W Polsce na mukowiscydozę choruje ponad 2 tys. osób. To nieuleczalna choroba o podłożu genetycznym. W wyniku defektu genetycznego organizm chorego produkuje nadmiernie lepki śluz, który powoduje zaburzenia we wszystkich narządach posiadających gruczoły śluzowe, a przede wszystkim w układzie oddechowym i pokarmowym.
Dr Maciej Urlik: słońce dla pacjentów z mukowiscydozą powoli przedziera się przez chmury
Mukowiscydoza największe spustoszenie czyni w płucach chorego, prowadząc z czasem do ich całkowitej niewydolności. Chorzy na mukowiscydozę mają również niewydolną trzustkę i problemy z trawieniem tłuszczu, co prowadzi do niedożywienia i problemów ze wzrastaniem. Od marca 2022 roku w Polsce dla pacjentów powyżej 12. roku życia są refundowane najnowocześniejsze i najskuteczniejsze leki spośród tzw. kaftorow, które skutecznie pozywają zatrzymać przyczyny rozwoju choroby. O nowym leczeniu i wyzwaniach związanych z nowymi terapiami rozmawiamy z dr n. med. Maciejem Urlikiem, koordynatorem oddziału transplantacji płuc z pododdziałem mukowiscydozy w Śląskim Centrum Chorób Serca w Zabrzu oraz członkiem zarządu Polskiego Towarzystwa Walki z Mukowiscydozą.
Od półtora roku w Polsce refundowane są nowoczesne leki na mukowiscydozę dla pacjentów powyżej 12. roku życia. Jak zmieniło to sytuację pacjentów z mukowiscydozą?

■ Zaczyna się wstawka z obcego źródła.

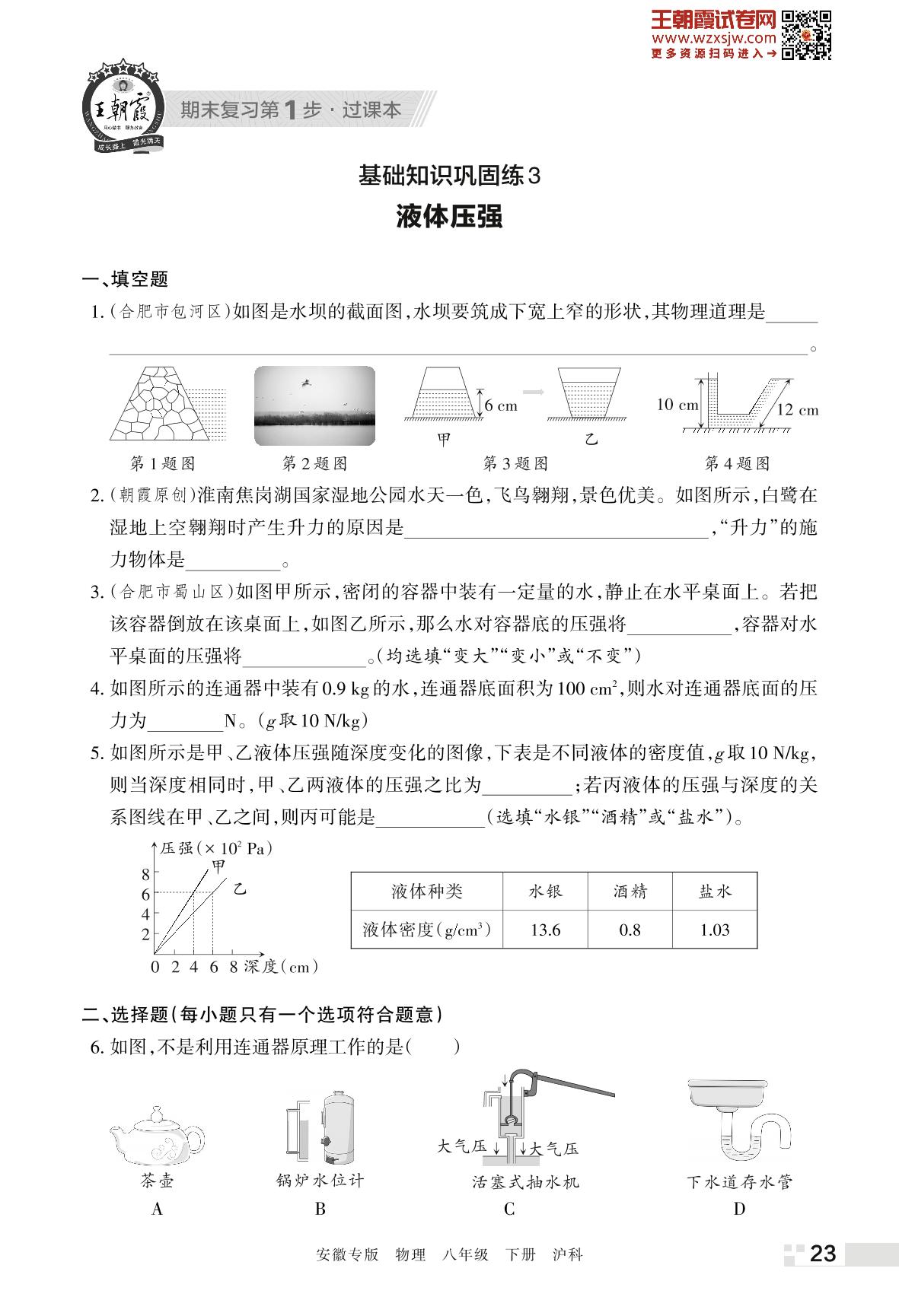 王朝霞期末过课本——基础知识巩固练3 液体压强八年级下册物理(沪科版)_R230421173003111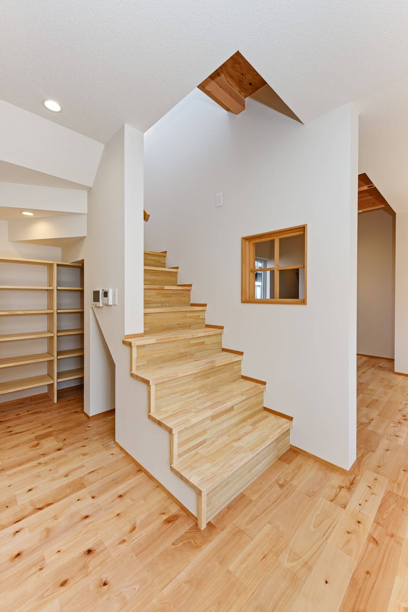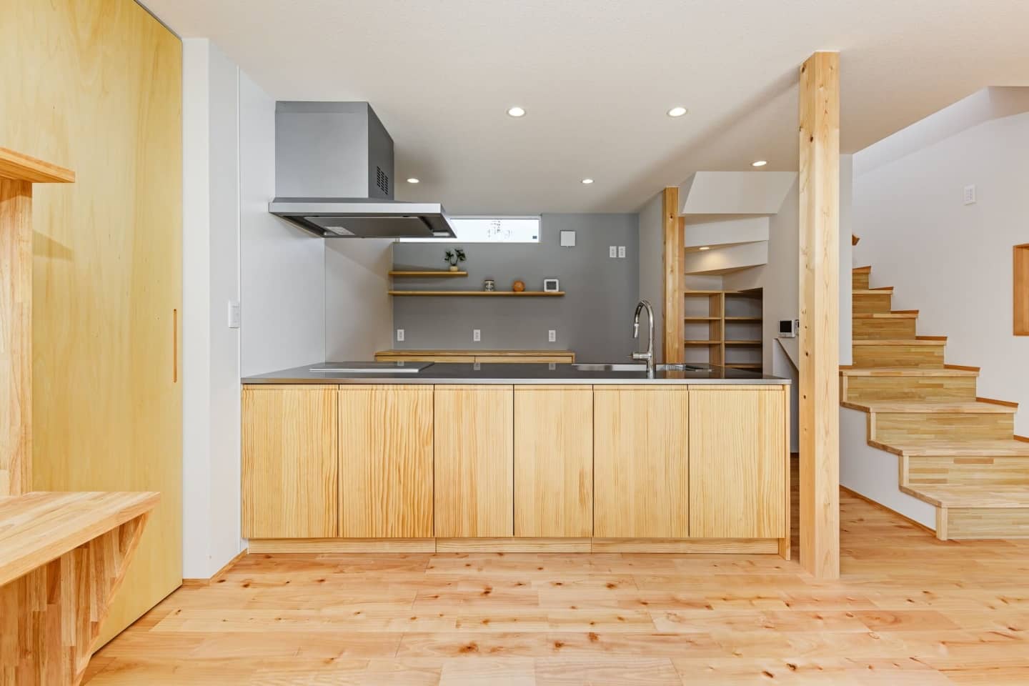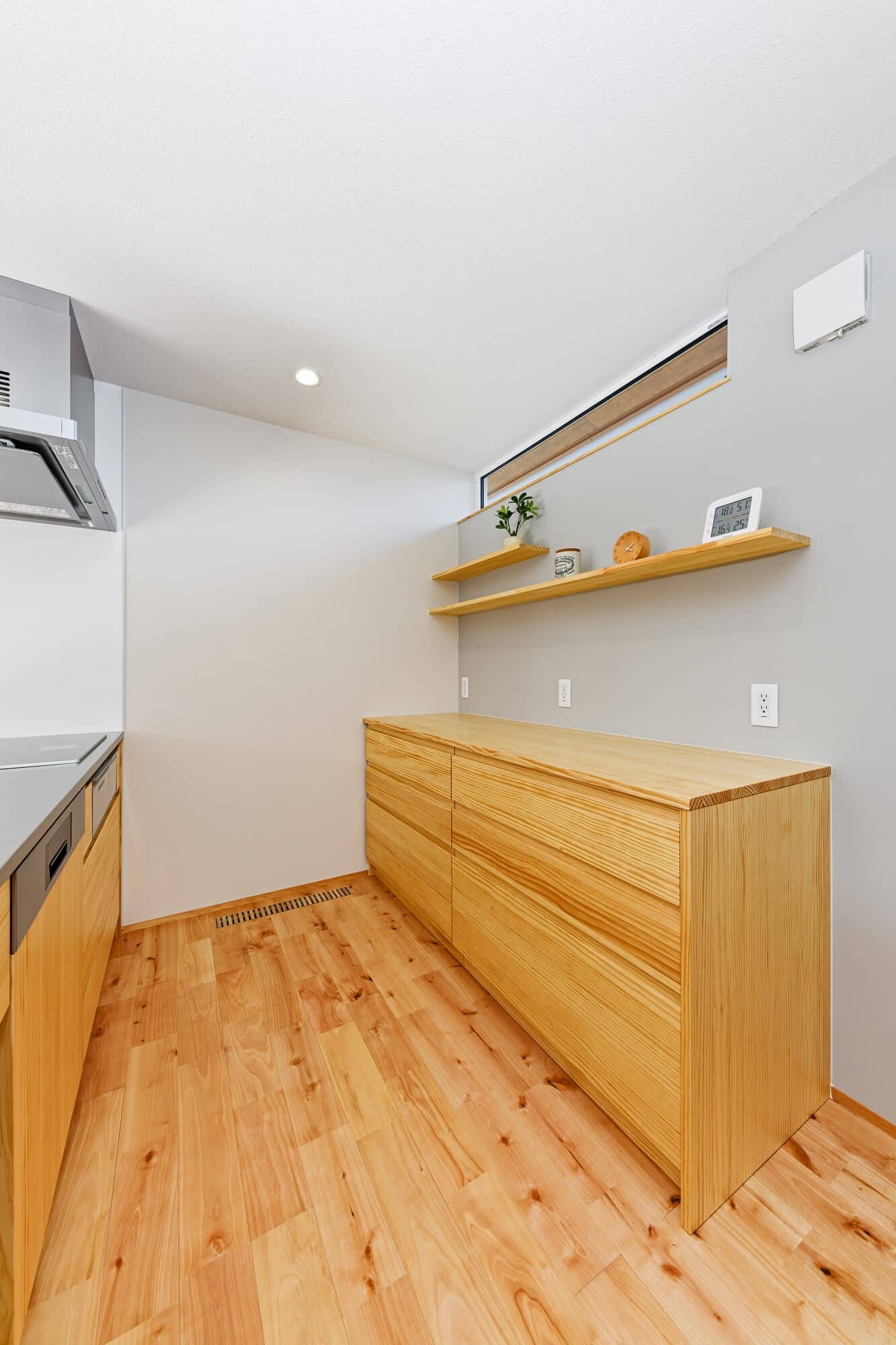 キッチンはお庭を見ながらお料理できる配置に。キッチンとホビースペースの間の壁には小さな窓を設置し、各々が別々の時間を過ごしていても、家族の雰囲気を感じることができる仕掛けになりました。

MU: Dysponujemy już obserwacjami kilkuletnimi. Przed Polską terapię lekami wprowadziły Stany Zjednoczone i kraje Europy Zachodniej, mamy więc wiedzę z ośrodków, w których lek stosowany jest dłużej. Faktycznie u pacjentów z mukowiscydozą nowe leczenie działa rewelacyjnie, sprawia że choroba przestaje być dominującym problemem w życiu pacjentów. Z perspektywy ośrodków transplantacyjnych możemy powiedzieć też, że pacjenci z mukowiscydozą praktycznie zniknęli z list oczekujących na transplantację płuc. Ta liczba zmniejszyła się o ponad 80 procent. Pacjenci, którzy do tej pory walczyli o każdy oddech, wrócili do normalnego życia, normalnej codziennej aktywności, zaczęli myśleć perspektywicznie.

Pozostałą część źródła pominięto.